To roast a Fowl with Chesnuts
First take some chesnuts, roast them very carefully, so as not to burn them, take off the skin, and peel them, take about a dozen of them cut small, and bruise them in a mortar; par-boil the liver of the fowl, bruise it, cut about a quarter of a pound of ham or bacon, and pound it; them all together, with a good deal of parsley chopped small, a little sweet herbs, some mace, pepper, salt, and nutmeg; mix these together, and put into your fowl, and roast it. The best way of doing it is to tie the neck, and hang it up by the legs to roast with a string and baste it with butter. For sauce take the rest of the chesnuts peeled and skinned, put them into some good gravy, with a little white wine and thicken it with a piece of butter rolled in flour; then take up your fowl, lay it in the dish, and pour in the sauce. Garnish with lemon.
The very first hiccup was the chestnuts. In my area they are hard to find and when you do they are expensive. So I needed a substitute.
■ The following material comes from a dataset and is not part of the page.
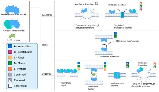 There is limited information available on annexins from different kingdoms. In the context of the fungus Cryptococcus neoformans, no alterations resulting from the deletion of AnxC1 could be observed [37]. Conversely, in Dictyostelium, the response to membrane damage was found to be slower following the deletion of annexins AnxC1 and AnxC2 [38].

A quick online search yielded the information I needed to make an informed choice, based on taste and texture. So I used almonds, which I had on hand and are also good for us.
My roasting chicken did not come with all of its parts, so I didn’t have nor want to use the liver. You may decide you’d like to have the liver in your stuffing, and that’s fine! My stuffing probably ended up a little skimpier than intended, but the flavors were there nonetheless.
Again, I omitted the mace and substituted nutmeg with ground ginger. I like the lighter flavor of the ginger even as it lends a slight bite to the taste of the chicken.
The other change I made was to add a bit of seasoning to the butter I used for basting the chicken. I use some form of garlic in almost everything I cook, so it was natural to add some garlic powder and Italian seasoning (which is mostly herbs) to the butter to brush over the chicken before popping it into the oven.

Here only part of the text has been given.